> _PROBLEM_: Copy word for word the lines in the records below, starting at the line with "Антифриз концентрат Shell" and ending at the line with "Abstract digital art". Skip the pictures.

> _DATA SHOWN_:
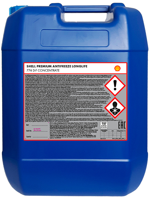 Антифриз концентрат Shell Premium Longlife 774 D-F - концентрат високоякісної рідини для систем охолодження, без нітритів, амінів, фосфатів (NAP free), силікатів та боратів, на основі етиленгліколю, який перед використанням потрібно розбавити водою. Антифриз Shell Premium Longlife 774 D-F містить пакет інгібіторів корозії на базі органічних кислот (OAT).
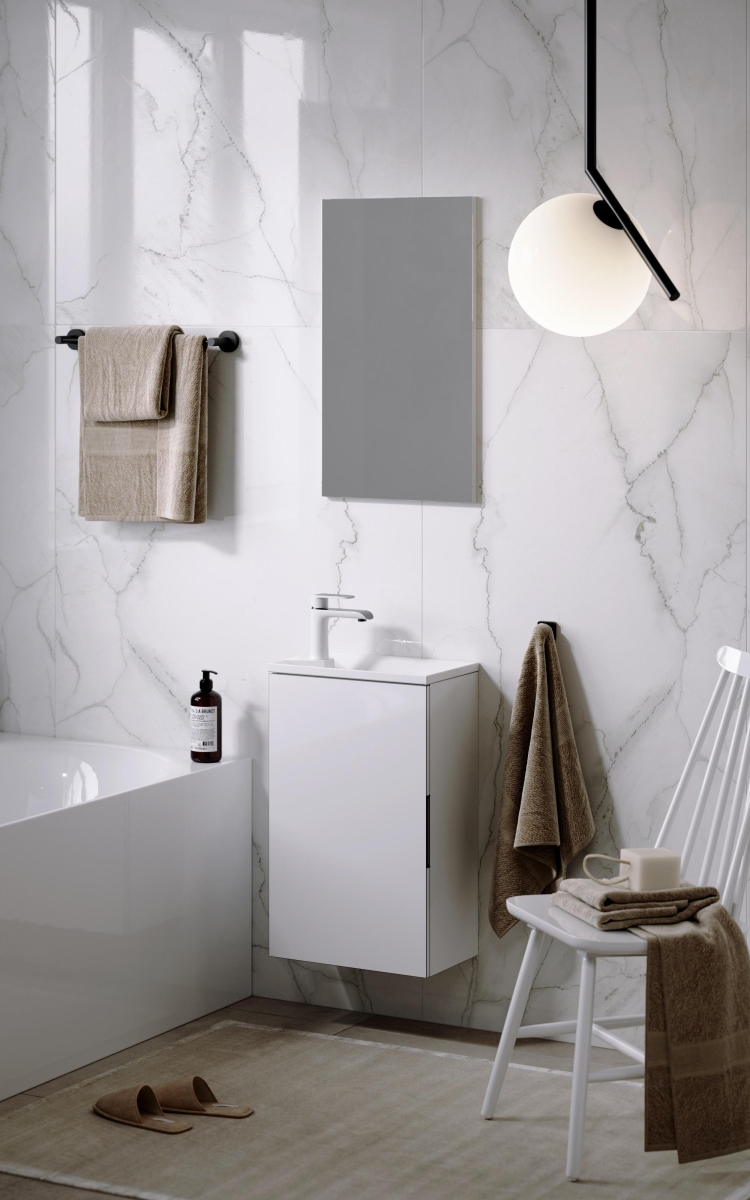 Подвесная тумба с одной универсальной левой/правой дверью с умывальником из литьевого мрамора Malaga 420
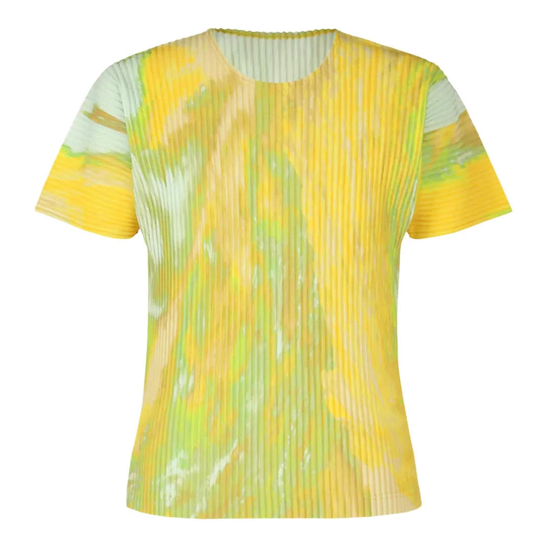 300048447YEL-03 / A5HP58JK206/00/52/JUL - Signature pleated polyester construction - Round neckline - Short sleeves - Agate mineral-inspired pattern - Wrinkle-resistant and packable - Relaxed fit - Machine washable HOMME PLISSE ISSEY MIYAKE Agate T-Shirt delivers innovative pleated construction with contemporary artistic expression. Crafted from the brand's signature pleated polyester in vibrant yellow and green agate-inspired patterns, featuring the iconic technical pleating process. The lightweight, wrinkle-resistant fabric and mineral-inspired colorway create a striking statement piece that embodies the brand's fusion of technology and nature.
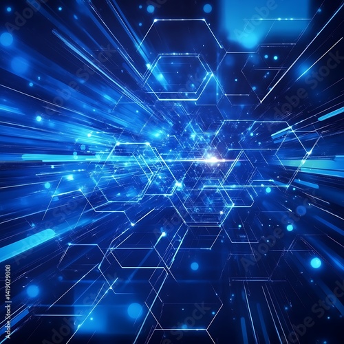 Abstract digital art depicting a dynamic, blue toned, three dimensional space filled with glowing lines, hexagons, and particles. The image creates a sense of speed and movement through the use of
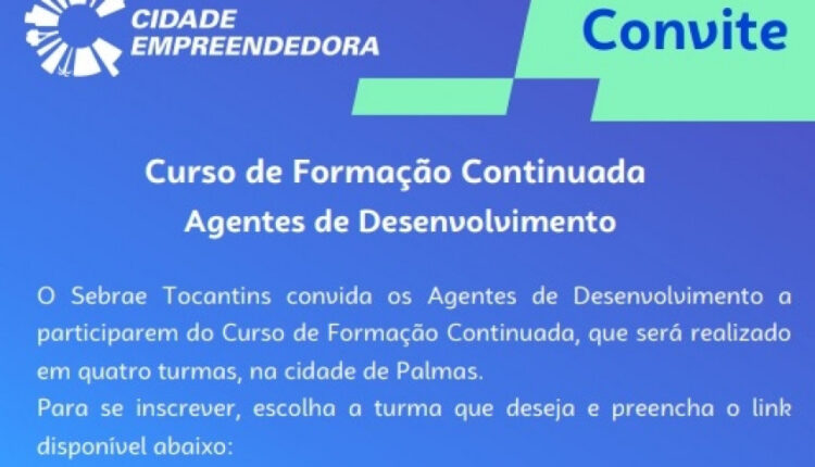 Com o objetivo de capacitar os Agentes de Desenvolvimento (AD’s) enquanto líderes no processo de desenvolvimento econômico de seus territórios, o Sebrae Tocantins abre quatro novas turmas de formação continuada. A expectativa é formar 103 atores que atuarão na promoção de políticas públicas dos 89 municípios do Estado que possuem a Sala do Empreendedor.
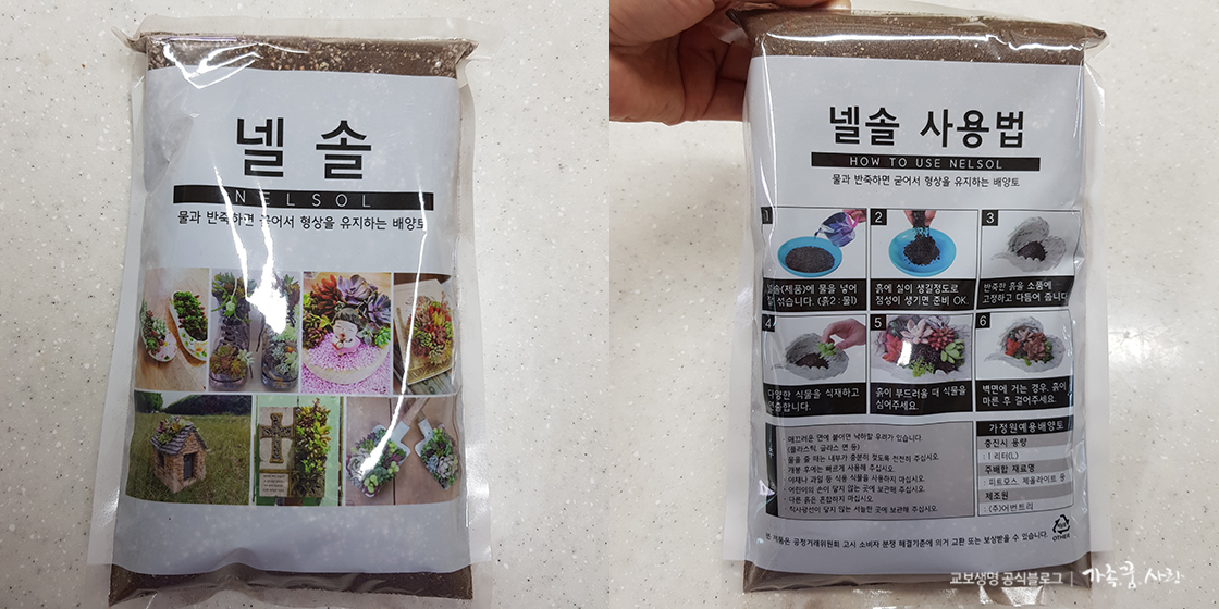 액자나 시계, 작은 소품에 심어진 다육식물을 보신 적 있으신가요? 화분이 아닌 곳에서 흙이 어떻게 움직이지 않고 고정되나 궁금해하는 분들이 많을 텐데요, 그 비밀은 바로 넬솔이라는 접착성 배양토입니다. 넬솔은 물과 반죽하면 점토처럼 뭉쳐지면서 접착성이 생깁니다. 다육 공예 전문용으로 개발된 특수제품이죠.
---
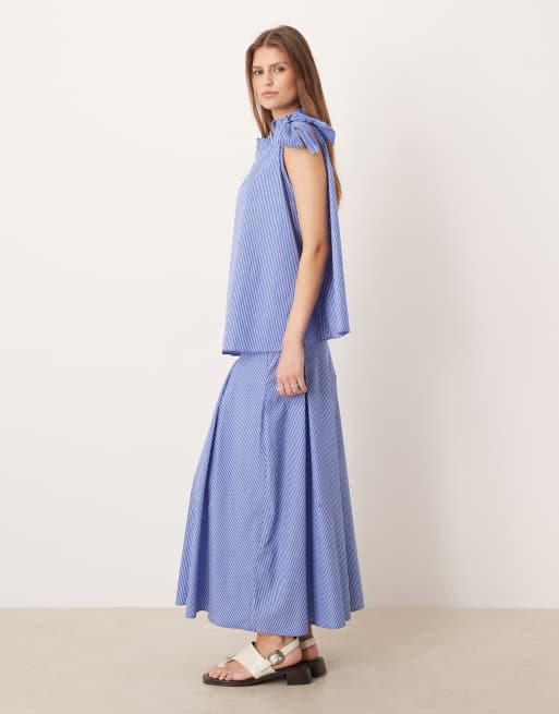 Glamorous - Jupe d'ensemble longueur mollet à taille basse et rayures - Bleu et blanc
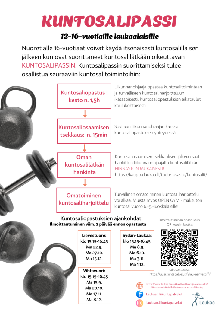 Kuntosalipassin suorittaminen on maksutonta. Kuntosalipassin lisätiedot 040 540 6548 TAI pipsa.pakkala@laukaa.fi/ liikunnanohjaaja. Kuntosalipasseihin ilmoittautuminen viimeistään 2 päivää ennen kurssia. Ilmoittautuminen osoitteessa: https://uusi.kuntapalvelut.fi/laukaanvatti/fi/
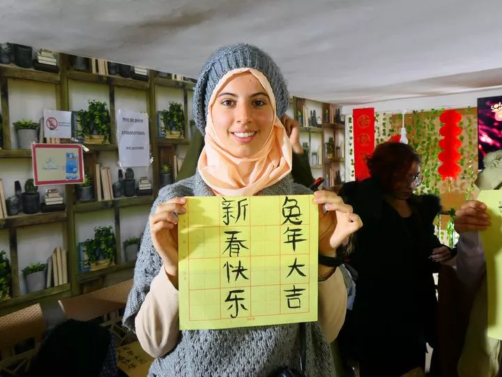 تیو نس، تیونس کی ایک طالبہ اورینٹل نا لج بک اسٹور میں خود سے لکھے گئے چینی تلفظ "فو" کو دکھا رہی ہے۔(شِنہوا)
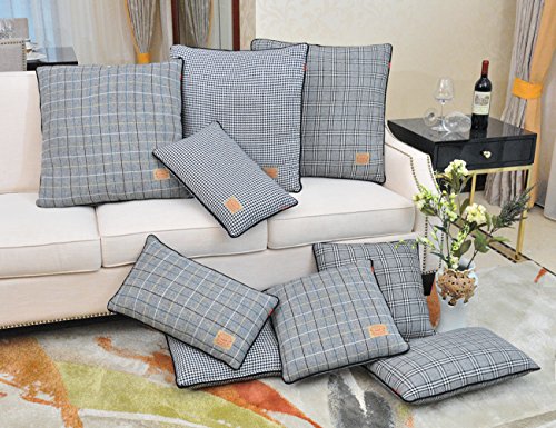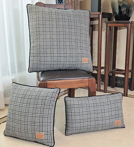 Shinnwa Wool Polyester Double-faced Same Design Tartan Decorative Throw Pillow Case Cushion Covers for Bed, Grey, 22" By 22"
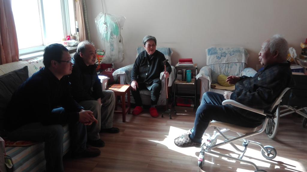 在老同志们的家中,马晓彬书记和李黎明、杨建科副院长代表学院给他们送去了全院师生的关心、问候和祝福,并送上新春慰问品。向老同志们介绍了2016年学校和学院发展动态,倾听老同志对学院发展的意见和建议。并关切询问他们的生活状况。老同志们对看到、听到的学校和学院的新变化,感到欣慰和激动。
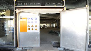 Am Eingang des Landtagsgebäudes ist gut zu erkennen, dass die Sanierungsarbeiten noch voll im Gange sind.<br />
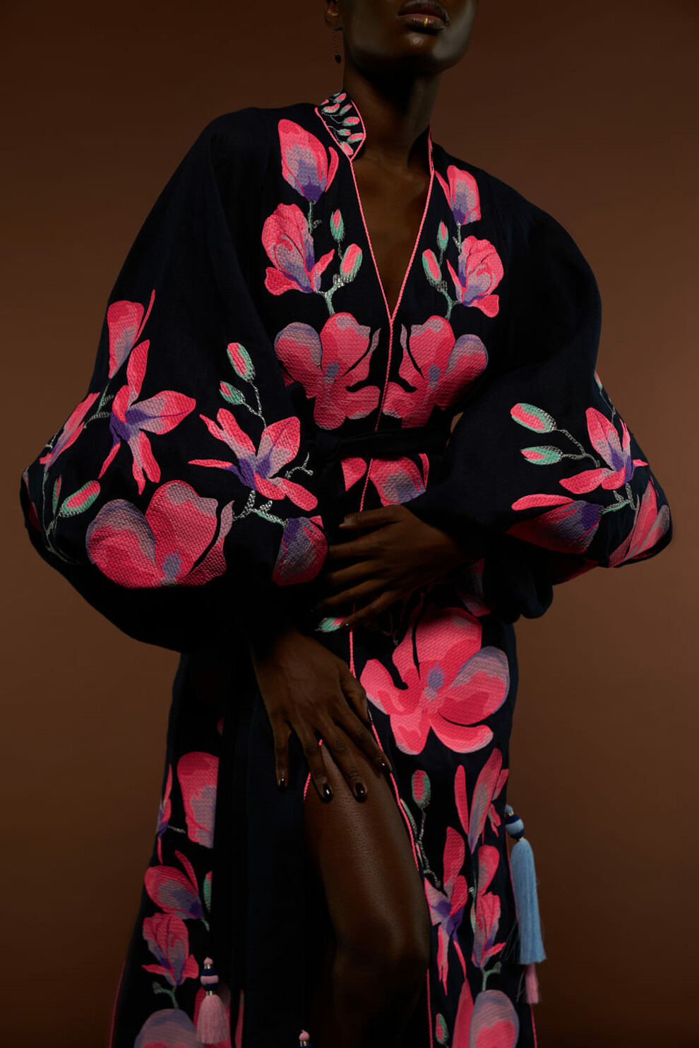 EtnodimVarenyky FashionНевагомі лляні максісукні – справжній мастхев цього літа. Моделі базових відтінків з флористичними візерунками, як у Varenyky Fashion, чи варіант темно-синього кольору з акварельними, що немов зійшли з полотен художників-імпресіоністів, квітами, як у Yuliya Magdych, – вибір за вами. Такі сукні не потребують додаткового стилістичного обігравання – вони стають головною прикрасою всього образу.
---
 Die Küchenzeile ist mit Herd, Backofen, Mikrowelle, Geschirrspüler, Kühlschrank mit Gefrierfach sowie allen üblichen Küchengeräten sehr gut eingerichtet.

> _RESULT_:
 Антифриз концентрат Shell Premium Longlife 774 D-F - концентрат високоякісної рідини для систем охолодження, без нітритів, амінів, фосфатів (NAP free), силікатів та боратів, на основі етиленгліколю, який перед використанням потрібно розбавити водою. Антифриз Shell Premium Longlife 774 D-F містить пакет інгібіторів корозії на базі органічних кислот (OAT).
 Подвесная тумба с одной универсальной левой/правой дверью с умывальником из литьевого мрамора Malaga 420
 300048447YEL-03 / A5HP58JK206/00/52/JUL - Signature pleated polyester construction - Round neckline - Short sleeves - Agate mineral-inspired pattern - Wrinkle-resistant and packable - Relaxed fit - Machine washable HOMME PLISSE ISSEY MIYAKE Agate T-Shirt delivers innovative pleated construction with contemporary artistic expression. Crafted from the brand's signature pleated polyester in vibrant yellow and green agate-inspired patterns, featuring the iconic technical pleating process. The lightweight, wrinkle-resistant fabric and mineral-inspired colorway create a striking statement piece that embodies the brand's fusion of technology and nature.
 Abstract digital art depicting a dynamic, blue toned, three dimensional space filled with glowing lines, hexagons, and particles. The image creates a sense of speed and movement through the use of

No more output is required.